WHAT TO WORK ON: Extract only the lines running from the top of the entries to the line that holds "A live yakka". Include that line and omit the pictures.

┌──

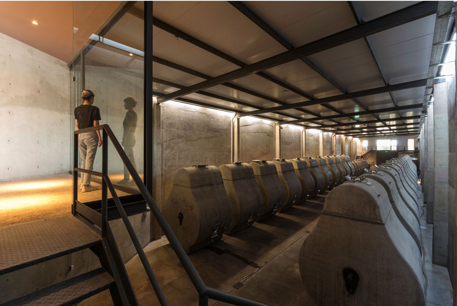 The interior of ANAIA WINES is a testament to architectural simplicity and potency. The building is structured as a rectangular prism, measuring 11 meters in width and 100 meters in length. This design facilitates a linear spatial arrangement of the winemaking process, including the Harvest Sector, Fermentation Hall with tilting concrete tanks, Barrel Hall, Bottle Hall, and Expedition Gallery.
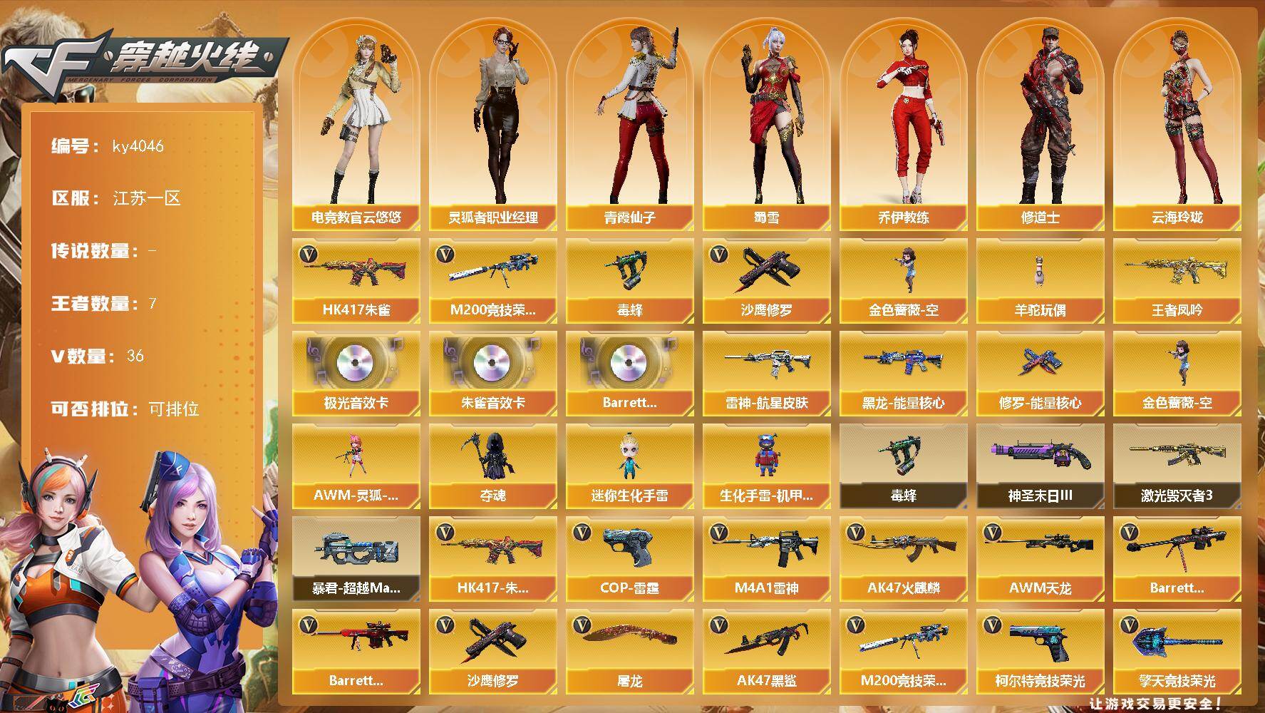 [16061575]江苏一区-36V-7王者-0炫金 【热门武器】:HK417-朱雀,M200-竞技荣光,毒蜂,金色蔷薇-空,羊驼玩偶,沙鹰-修罗*2 【王者炫金武器】:王者凤吟 【音效卡】:Barrett-极光音效卡,HK417-朱雀音效卡,Barrett-碧霄极光音效卡*2 【皮肤】:雷神-航星皮肤,黑龙-能量核心,修罗-能量核心 【角色】:电竞教官-云悠悠,乔伊教练,修道士,云海玲珑,北极狐-X,初恋灵狐,虎妞,嘉年华灵狐,娟娟,灵狐者-职业经理,麻雀,潘多拉-X,青霞仙子,斯沃特-X,蜀雪,新娜塔莎,雪莉杨-摸金校尉,影武者-X 【人偶武器】:金色蔷薇-空,AWM-灵狐-15周年嘉年华,夺魂,迷你生化手雷,生化手雷-机甲核心 【暴走生化】:毒蜂 【挑战大师】:暴君乱世-超越Max,激光毁灭者III,神圣爆裂者-末日III 【英雄级武器】:AK47-火麒麟,M4A1-雷神,AK47-黑鲨,HK417-朱雀,无影-神兵利器,烈火-动感闪耀,超新星-悦享-觉醒版,王者芳薇-觉醒版,AWM-天龙,Barrett-毁灭,Barrett-极光,M200-竞技荣光,王者风神-觉醒版,王者凰鸣-觉醒版,沙鹰-修罗*2,COP-雷霆,柯尔特-竞技荣光,天神-动感闪耀,屠龙,擎天-竞技荣光*2,屠龙-动感闪耀,王者之击-觉醒版,高爆手雷-竞技荣光*5,手雷-动感闪耀,闪光弹-竞技荣光*5,闪光弹-雷霆王者-觉醒版,烟雾弹-竞技荣光*5,M4A1-赤狱骑士 【道具】:CFS限定背包,女皇终结者-背包,炫彩背包,老虎背包,超级背包,哔哩哔哩名片,女皇终结者-魔龙之吻,绿色巨人,灵魂忍者,迷雾幽灵,夺命之镰,防化服*2,金色流光-枪王排位*2,星辰流光-枪王排位,流光-鎏金之域,枪王排位28赛季金色流光,枪王排位29赛季金色流光,动感闪耀表情,EP战队名片,EP战队喷图,EP战队击杀图标,防弹头盔*7,防弹衣*7,C4工具钳*7,手雷包*7 【特殊枪械】:
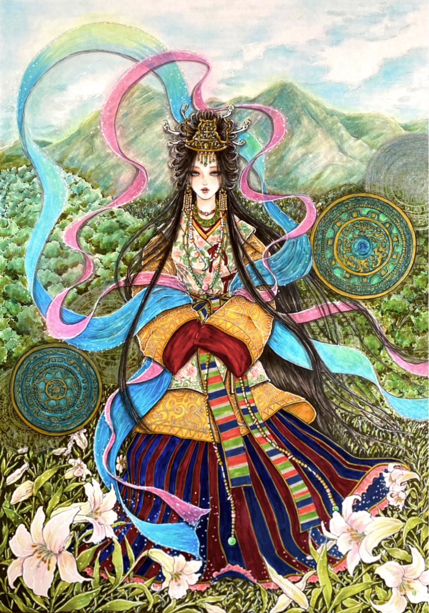 「振媛」(A3サイズ) 古墳時代の振媛をモチーフに、背景には丈競山と銅鏡を描きました🥰 #オリジナルイラスト #illustraion #ヤフオク出品中 #みんなで楽しむTwitter展覧会 #イラスト好きな人と繋がりたい #夏の創作クラスタフォロー祭
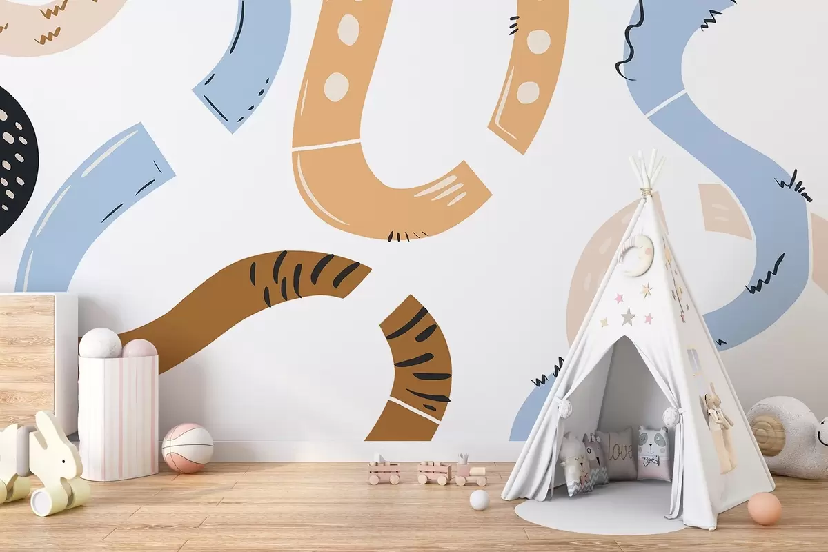 Fototapet Desene abstracte, juvenile, mâzgăleli, maro, albastru, roz Nr. w04066
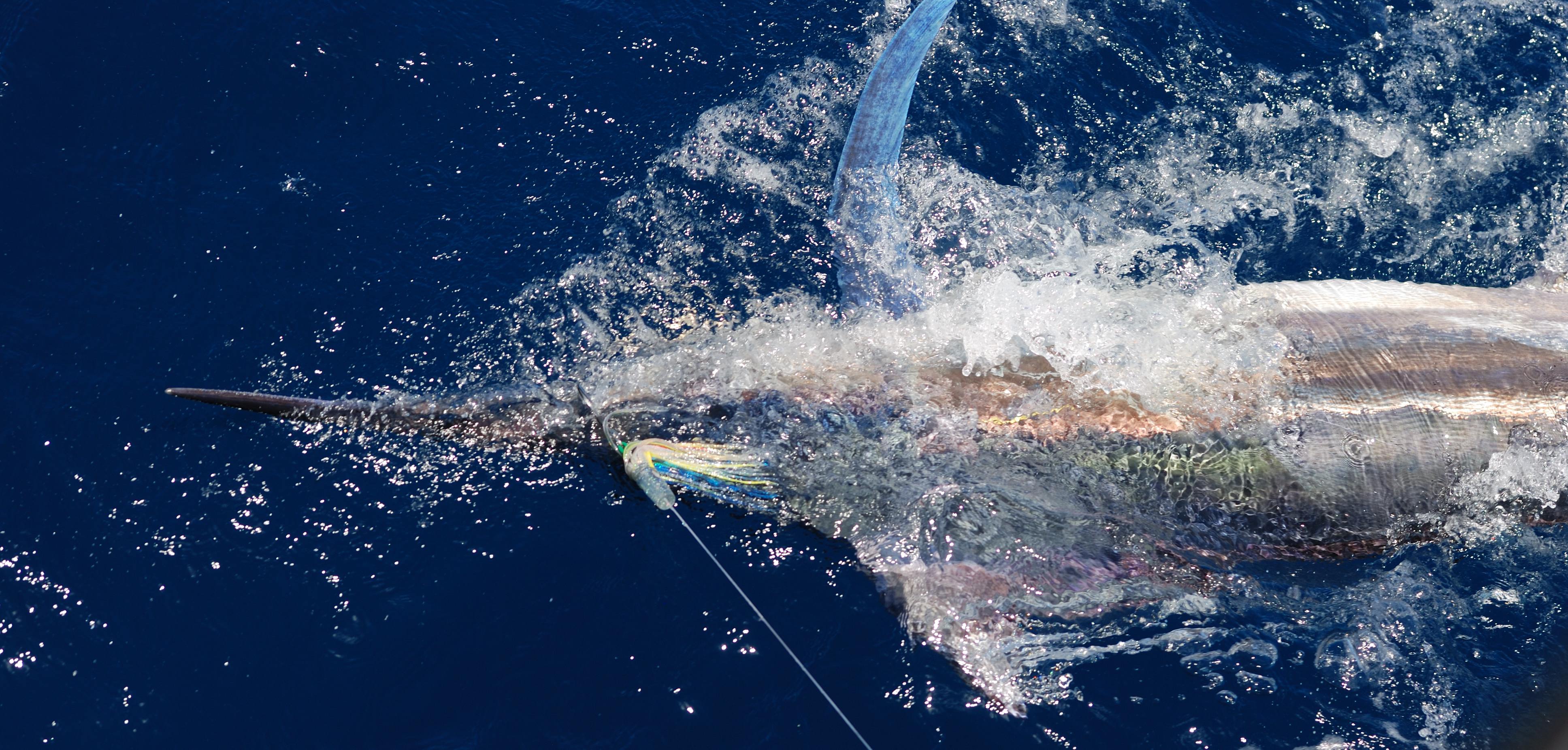 A live yakka , we switch baited , he came in on the teasers , got a couple that way , all small sails 10-15 kgs , great fun on light line .
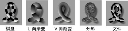 该选项仅当“贴图颜色”(Map Color)或“贴图不透明度”(Map Opacity)处于启用状态时使用。选择要映射到“颜色”(Color)和“不透明度”(Opacity)的纹理类型。您可以映射“棋盘格”(Checker)、“U 向渐变”(U Ramp)、“V 向渐变”(V Ramp)、“分形”(Fractal)和“文件”(File)类型纹理。有关映射文件类型纹理的详细信息,请参见将文件纹理映射到颜色和不透明度。
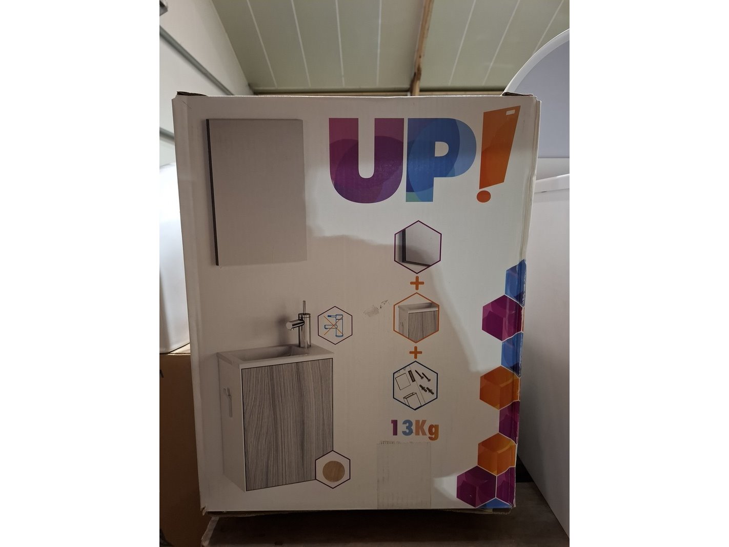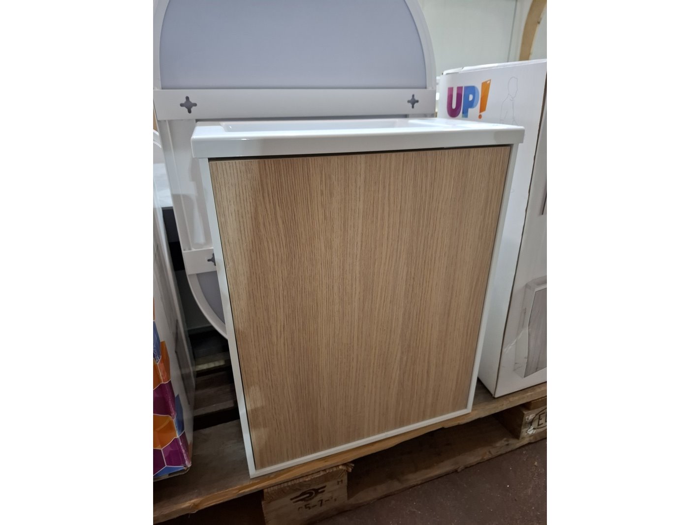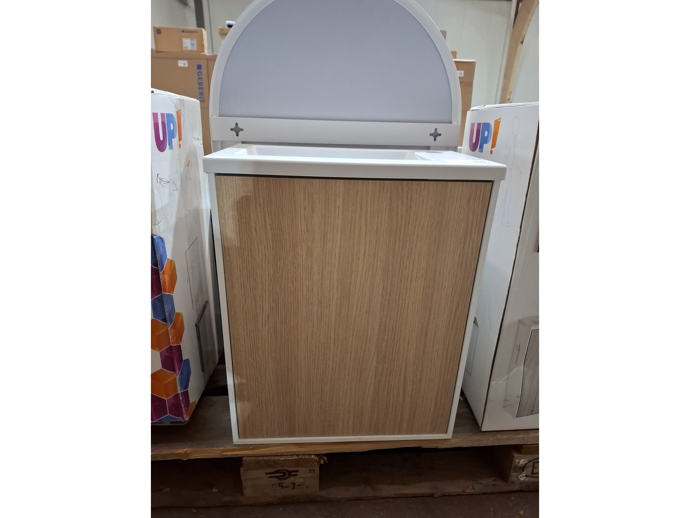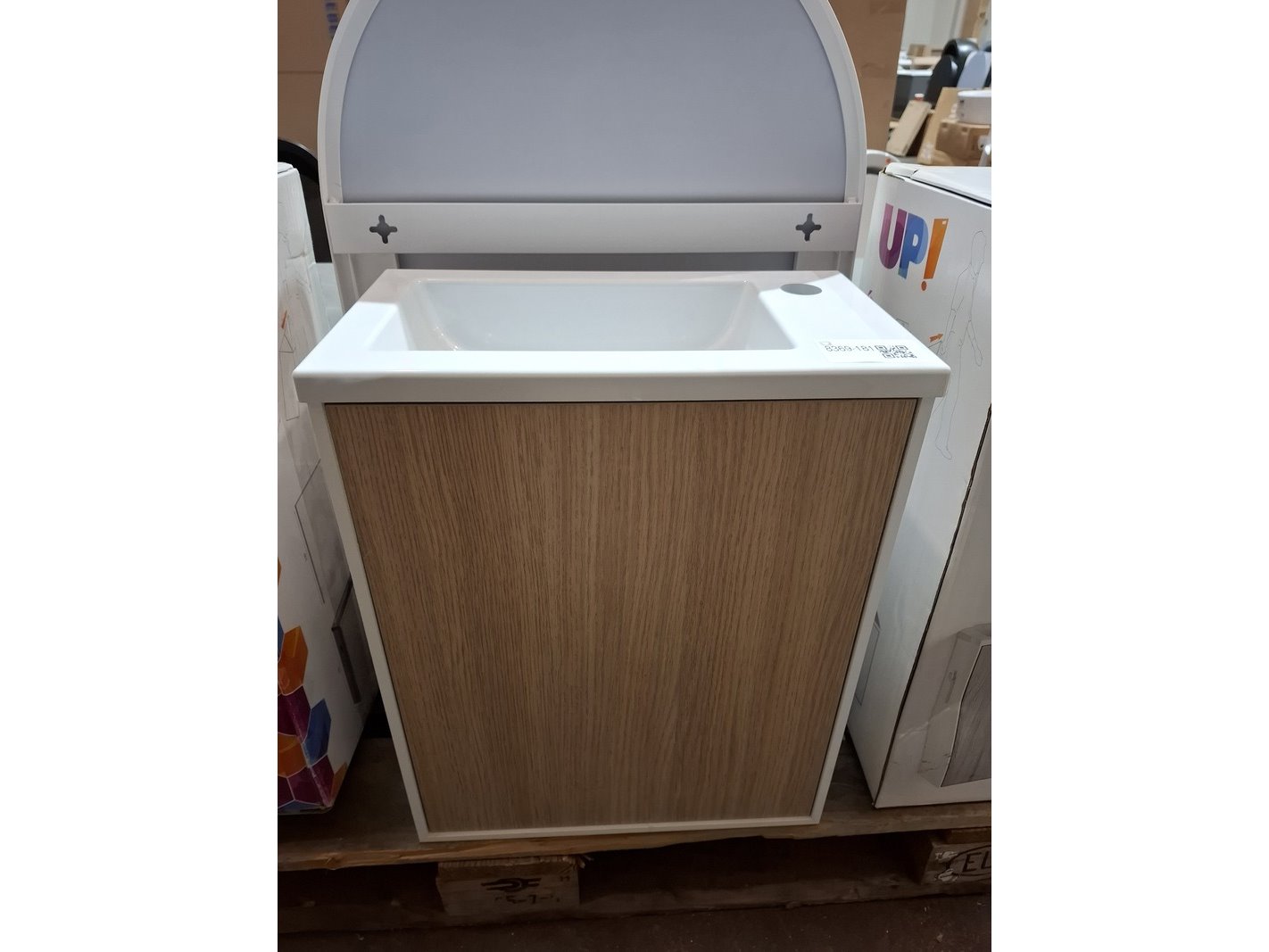Product: Fonteinmeubel Kleur: wit/eiken Afmeting: 40x22x50cm Specificaties: push open deurtje, fontein, polybeton, spiegel
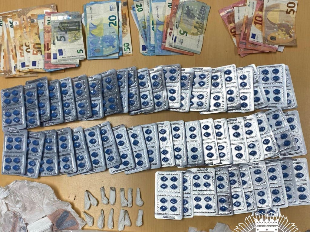Se practicaron registros tanto en el establecimiento como en el domicilio de los detenidos, donde se localizaron más de 300 gramos de cocaína, 80 gramos de ketamina, 572 pastillas de sildenafil (viagra) y 16.000 euros en efectivo.
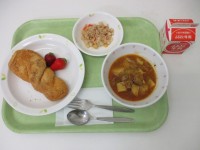 【今日の献立】*きなこ揚げパン*ボルシチ*ビーンズサラダ*くだもの(いちご)...
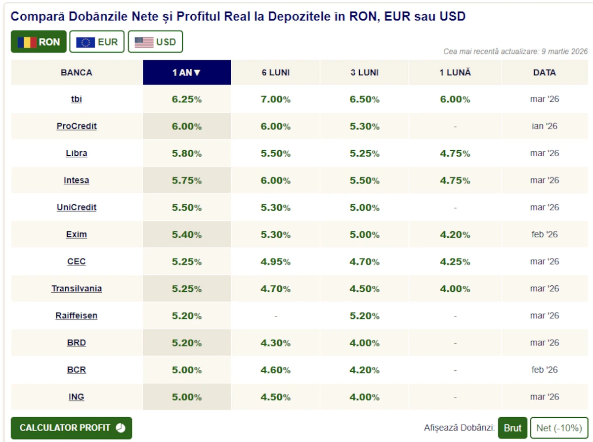 Top Dobânzi 9 Martie 2026: tbi bank urcă la 7% pe an. Unde obții cel mai mare profit?
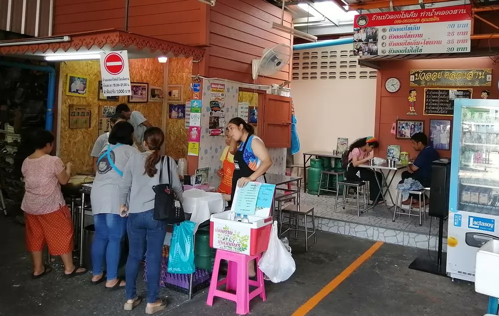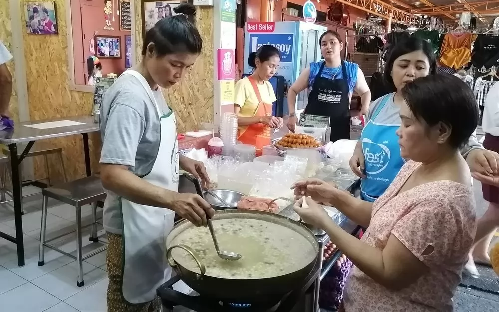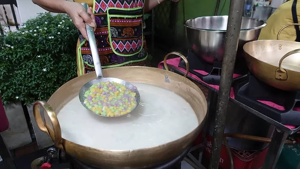 這家的湯圓,五顏六色,超有顏值,而且吃起來,厚實充滿嚼勁,配上香濃椰漿,甜而不膩令人齒頰留香。可以選擇加入玉米粒、新鮮椰果,芋頭等配料,或加入1顆新鮮雞蛋補充營養,價格在30-40銖之間。

└──

SOLUTION TO THE PROBLEM:
 The interior of ANAIA WINES is a testament to architectural simplicity and potency. The building is structured as a rectangular prism, measuring 11 meters in width and 100 meters in length. This design facilitates a linear spatial arrangement of the winemaking process, including the Harvest Sector, Fermentation Hall with tilting concrete tanks, Barrel Hall, Bottle Hall, and Expedition Gallery.
 [16061575]江苏一区-36V-7王者-0炫金 【热门武器】:HK417-朱雀,M200-竞技荣光,毒蜂,金色蔷薇-空,羊驼玩偶,沙鹰-修罗*2 【王者炫金武器】:王者凤吟 【音效卡】:Barrett-极光音效卡,HK417-朱雀音效卡,Barrett-碧霄极光音效卡*2 【皮肤】:雷神-航星皮肤,黑龙-能量核心,修罗-能量核心 【角色】:电竞教官-云悠悠,乔伊教练,修道士,云海玲珑,北极狐-X,初恋灵狐,虎妞,嘉年华灵狐,娟娟,灵狐者-职业经理,麻雀,潘多拉-X,青霞仙子,斯沃特-X,蜀雪,新娜塔莎,雪莉杨-摸金校尉,影武者-X 【人偶武器】:金色蔷薇-空,AWM-灵狐-15周年嘉年华,夺魂,迷你生化手雷,生化手雷-机甲核心 【暴走生化】:毒蜂 【挑战大师】:暴君乱世-超越Max,激光毁灭者III,神圣爆裂者-末日III 【英雄级武器】:AK47-火麒麟,M4A1-雷神,AK47-黑鲨,HK417-朱雀,无影-神兵利器,烈火-动感闪耀,超新星-悦享-觉醒版,王者芳薇-觉醒版,AWM-天龙,Barrett-毁灭,Barrett-极光,M200-竞技荣光,王者风神-觉醒版,王者凰鸣-觉醒版,沙鹰-修罗*2,COP-雷霆,柯尔特-竞技荣光,天神-动感闪耀,屠龙,擎天-竞技荣光*2,屠龙-动感闪耀,王者之击-觉醒版,高爆手雷-竞技荣光*5,手雷-动感闪耀,闪光弹-竞技荣光*5,闪光弹-雷霆王者-觉醒版,烟雾弹-竞技荣光*5,M4A1-赤狱骑士 【道具】:CFS限定背包,女皇终结者-背包,炫彩背包,老虎背包,超级背包,哔哩哔哩名片,女皇终结者-魔龙之吻,绿色巨人,灵魂忍者,迷雾幽灵,夺命之镰,防化服*2,金色流光-枪王排位*2,星辰流光-枪王排位,流光-鎏金之域,枪王排位28赛季金色流光,枪王排位29赛季金色流光,动感闪耀表情,EP战队名片,EP战队喷图,EP战队击杀图标,防弹头盔*7,防弹衣*7,C4工具钳*7,手雷包*7 【特殊枪械】:
 「振媛」(A3サイズ) 古墳時代の振媛をモチーフに、背景には丈競山と銅鏡を描きました🥰 #オリジナルイラスト #illustraion #ヤフオク出品中 #みんなで楽しむTwitter展覧会 #イラスト好きな人と繋がりたい #夏の創作クラスタフォロー祭
 Fototapet Desene abstracte, juvenile, mâzgăleli, maro, albastru, roz Nr. w04066
 A live yakka , we switch baited , he came in on the teasers , got a couple that way , all small sails 10-15 kgs , great fun on light line .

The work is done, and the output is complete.